**** DATA LISTING

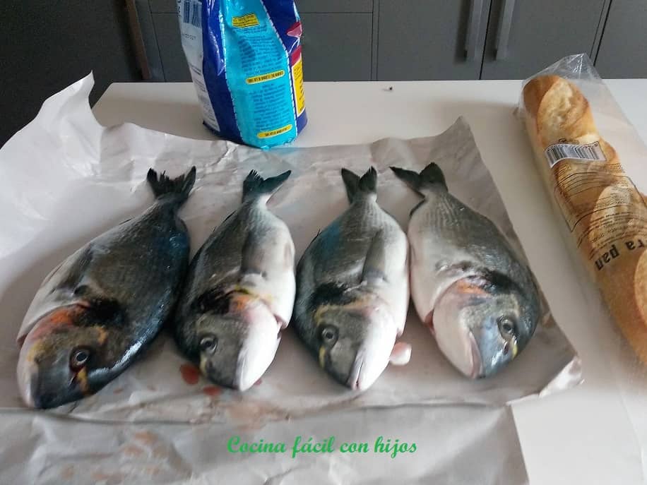 Dile al pescadero que son para hacerlas a la sal, y que nos quite únicamente las tripas. En casa las vamos a limpiar, pasando las doradas bajo el grifo y dejando que escurran toda el agua.
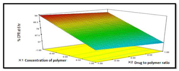 The concentration of polymer had a negative significant effect on % CPR after 6hdue to release retarding nature of polymer (fig. 5). Further increased in the proportion of drug with respect to polymer also reduced the release rate of rizatriptan benzoate. Hydrophobicity of magnesium stearate might also be responsible for retardation in drug release indicated by negative signs of the coefficient. The volume of liquid paraffin had a positive effect on drug release which might be due to larger volume available for the dispersion, resulted into a smaller size of microspheres with higher surface area. Further, the regression statistics showed that the R2value was 0.9424, which indicated a good fit.
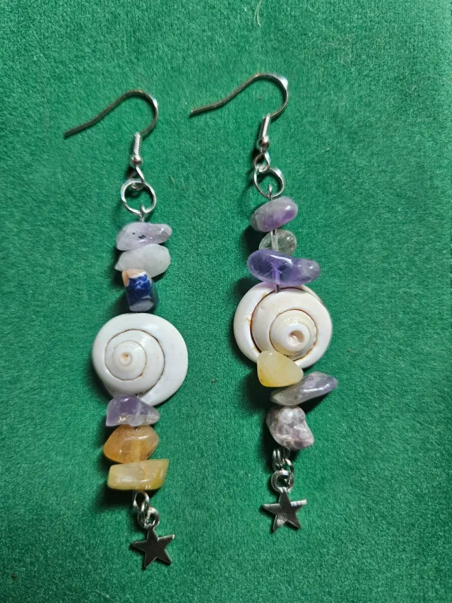 Pendientes de piedras naturales y conchas
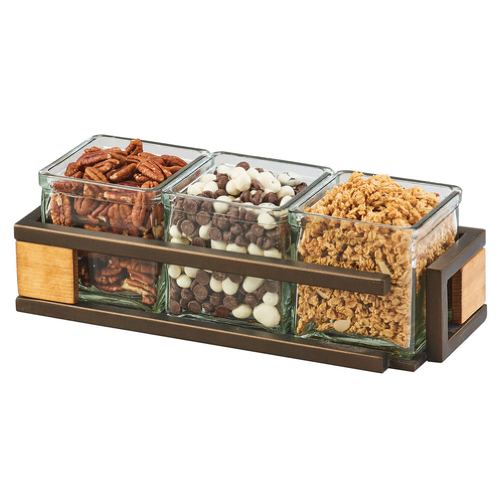 Cal Mil 3910-3-84 Sierra Jar Display 13"W X 5"D X 4-1/4"H (3) 4"W X 4"D Glass Jars
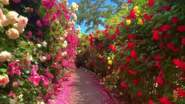Etrafında rengarenk güllerin asılı olduğu bu yol baharın gelmesiyle birlikte çiçek bahçesine dönüşüyor. Güney Kore'nin Jeju Adası'nda bulunan bu harika bahçeler özellikle mayıs ayından itibaren sokakları muhteşem bir gül noktalarına dönüştürüyor. Volkanik patlamalar sonucu oluşmuş enfes bir doğa harikası olan bu ada, UNESCO'nun Dünya Mirası Listesi'nde yer alıyor. Doğal güzelliklere sahip ada özellikle yaz aylarında turistler tarafından ziyaret ediliyor. Turistlerin adaya gelmesinin bir başka sebebi de muhteşem bitki ve çiçekleri barındırıyor olması. Adeta bir çiçek tünelini andıran bu yol renkli gülleriyle güzelliğine güzellik katıyor. Ağırlıklı olarak kırmızı ve pembe güller olsa da farklı renklere de rastlamak mümkün. Güllerin dökülen yaprakları ise yeri adeta bir gül halısına dönüştürüyor.
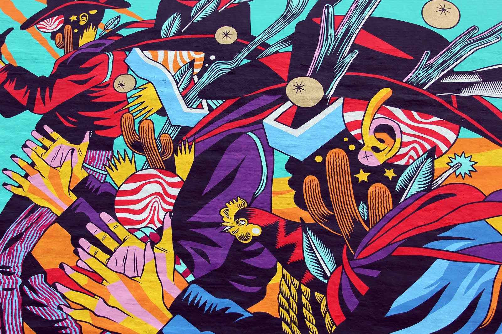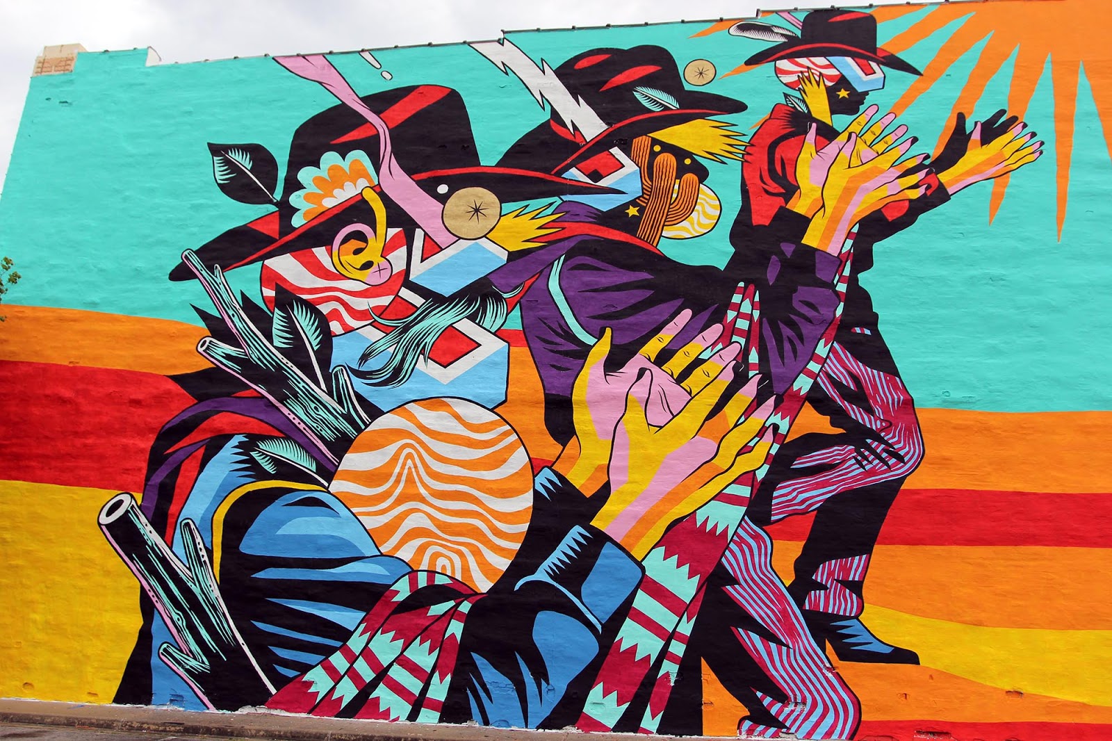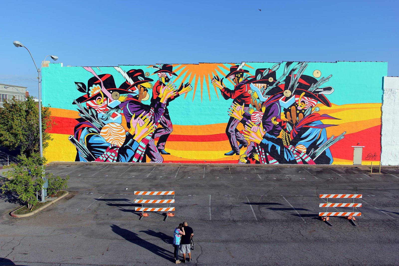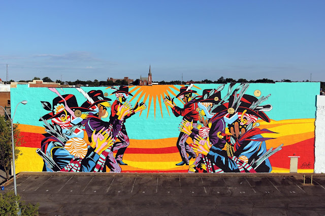 In town for the Unexpected Festival, curated by JustKids, the Brazilian duo spent over a week to create this beast of a wall. The Catira is a typical dance from the interior area of Brazil, where Bicicleta Sem Freio are from, and is performed by ranchers and farmers. This piece is their tribute to the town of Fort Smith, Arkansas. As usual with Bicicleta Sem Freio, the colors are popping and this will surely be enjoyed through the year by the local residents.
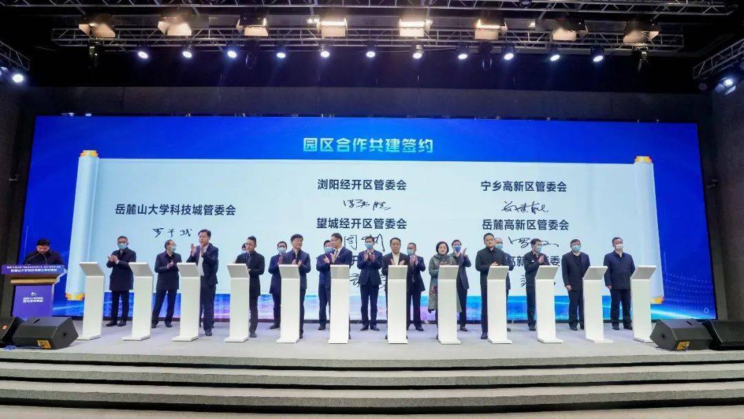 现场,大科城与浏阳经开区、岳麓高新区等6个重点产业园区就共同打造“飞地科创园区”签订框架合作协议,全面开启大科城赋能全省、全市园区高质量发展的新征程;柴立元院士团队领衔的国家重金属污染防治工程技术研究中心中试孵化基地等7个创新平台项目,谢辉教授团队领衔的埃米材料与生物制剂研发应用及产业化项目等6个成果转化项目现场签约。

********

**AIM OF THE TASK**
If a line falls between the first line of the records above and the line containing "Cal Mil 3910-3-84", inclusive, retype it exactly; leave pictures out.

**RESPONSE**
 Dile al pescadero que son para hacerlas a la sal, y que nos quite únicamente las tripas. En casa las vamos a limpiar, pasando las doradas bajo el grifo y dejando que escurran toda el agua.
 The concentration of polymer had a negative significant effect on % CPR after 6hdue to release retarding nature of polymer (fig. 5). Further increased in the proportion of drug with respect to polymer also reduced the release rate of rizatriptan benzoate. Hydrophobicity of magnesium stearate might also be responsible for retardation in drug release indicated by negative signs of the coefficient. The volume of liquid paraffin had a positive effect on drug release which might be due to larger volume available for the dispersion, resulted into a smaller size of microspheres with higher surface area. Further, the regression statistics showed that the R2value was 0.9424, which indicated a good fit.
 Pendientes de piedras naturales y conchas
 Cal Mil 3910-3-84 Sierra Jar Display 13"W X 5"D X 4-1/4"H (3) 4"W X 4"D Glass Jars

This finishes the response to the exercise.